Art has the power to tie a room together and give it new life with very little effort and seeing art your love in your home will always give your spirits a lift. Art with heart brings that cozy, convivial hygge feeling in in a way adding more throw blankets (it’s summer in Australia, after all 🤦♀️) and throw cushions just can’t. (How many cushions will land on the floor from an exasperated husband who can’t stand them and then you will need to pick them up anyway...I don't know about your partner but throw cushions are a genuine bone of contention in our house...and I've come to realise as a mother of boys that they are, in fact, rather impractical after all.)
Soft furnishings or new furniture are often ‘prescribed’ as the solution to your redecorating woes. (Urgh - new furniture is expensive AND you have to put the old stuff on gumtree and wait for unreliable strangers to come get it. We have a couch in our front room from a year ago that I've been meaning to list - anyone in Brisbane need a yellow gingham ikea suite btw?)
I’m here to tell you that soft furnishings/different furniture are often lack lustre solutions. Work with what you have and choose some art to tie it together with similar colours but mainly? With something bright and warm and unique that you are just going to love to look at.
Sounds great but how do I redecorate with art, Clairebear?

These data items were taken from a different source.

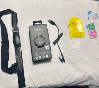 Reloj GPS Garmin Forerunner 235 con banda cardiaca. Realiza un seguimiento de la distancia, el ritmo, el tiempo, la frecuencia cardiaca Funciones de conexión:cargas automáticas a Garmin Connect, seguimiento en tiempo real, notificaciones inteligentes y capacidad para compartir en redes sociales .Descarga campos de datos pantallas para el reloj, widgets y aplicaciones de Connect IQ, batería en buen estado,apenas marcas de uso, en general muy buen estado, ,siempre con protector de pantallacon cargador. - Incluye banda cardiaca premium. - Cable de carga USB. - 2 protectores de pantalla. - Manuales del reloj y de la banda
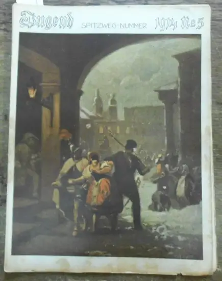 4°. 32,8 x 24,8 cm. Originalheft mit farbigem Titelblatt nach Spitzweg. Seiten 122 - 150 der fortlaufenden Paginierung mit 5 Farbabb. nach Spitzweg: "Gefährdete Post" / " Am Petersturm"/ "Wandernde Komödianten " / "Nil mali hic intret" und "Bewahrt das Feuer und das Licht" und mit zahlr. s/w Illustrationen; Mit Anzeigenteil . Heftung des Umschlags fast gelöst, teilweise fleckig und randgegilbt. Sonst noch gutes Exemplar
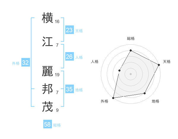 横江 麗邦茂さんを姓名の画数から五運を鑑定
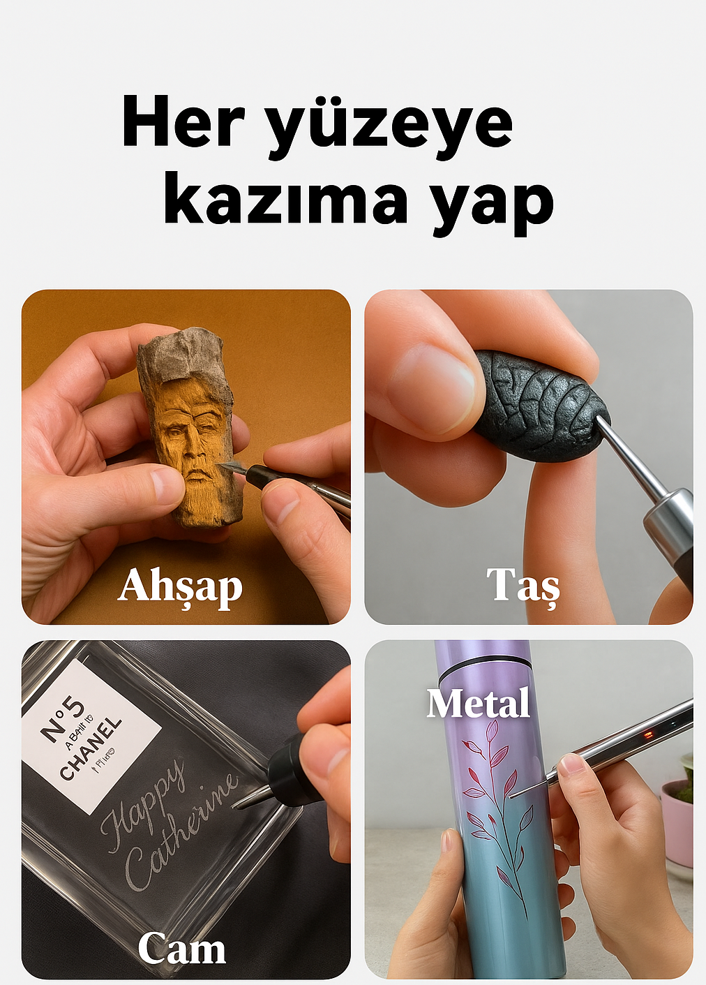 Customizer Pen ile dilediğiniz yüzeyi kolayca kişiselleştirin.Ahşap, cam, taş veya metal fark etmeksizin.
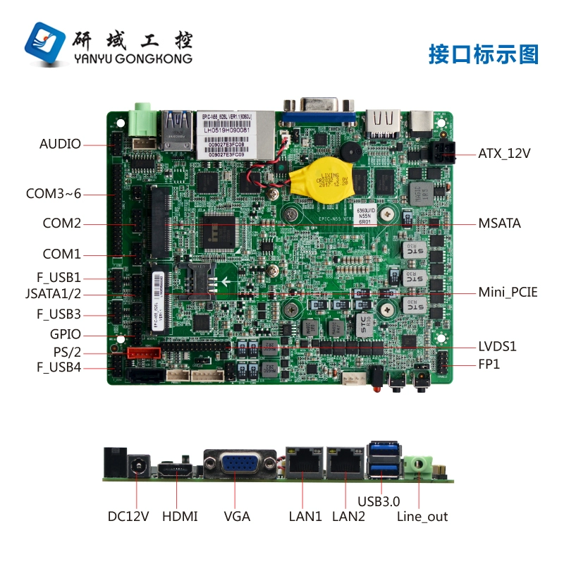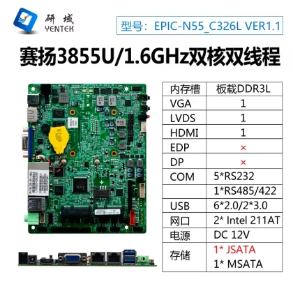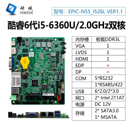 | nameOriginal | Yanyu N55 industrial control motherboard dual network 3855U/I5-6360U onboard memory mini itx computer 3.5 inch 6 string |
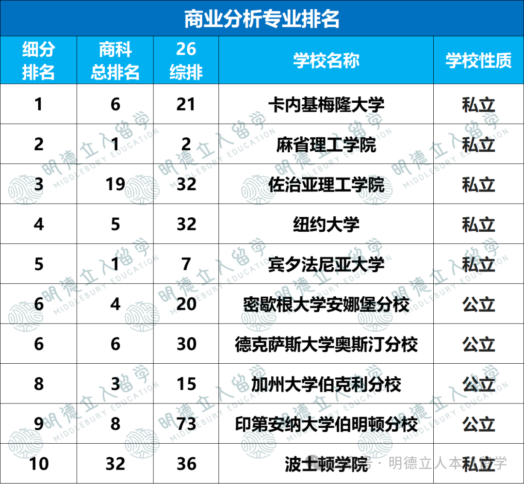 商业分析涉及不少理科要求的课程,比如微积分、概率等数学基础,还有编程语言、数据结构与算法等计算机科学基础,因此理科强校在该领域表现十分强势。

So glad you asked. Take a look at the space in your home that is looking tired. Make a little list (on the notes section of your phone is great) of all the main colours already at play in the space. You might have light pink sheets on the bed for example and the bed might be a mid-tone wood finish. Make sure your list includes the wall colour, the furniture colour, the soft furnishings....
Armed with your list, have a look online (desktop computers are always great here so you can zoom in properly. If you're browsing our website, just mouse over the images for any art and you'll immediately get a blown up version - handy!) Find some pieces you love with some of the same tones in them as the room. They don't have to be 'dominant' colours in the art and they don't have to be an exact 'match' - just reminiscent of the colours you already have. If you have a room with lots of beige and there is a tiny bit of beige or a beige background to the artwork - it could work really well! Similarly, if you have some pink sheets and throw cushions, find a piece with a few different pink tones in it to be 'matchy but not' with your existing decor. Alternatively, if the room is decorated in neutral tones, you have a free pass to choose bold and exciting colours without limit - make the art a feature that focuses the eye in an otherwise bland and unfocused space.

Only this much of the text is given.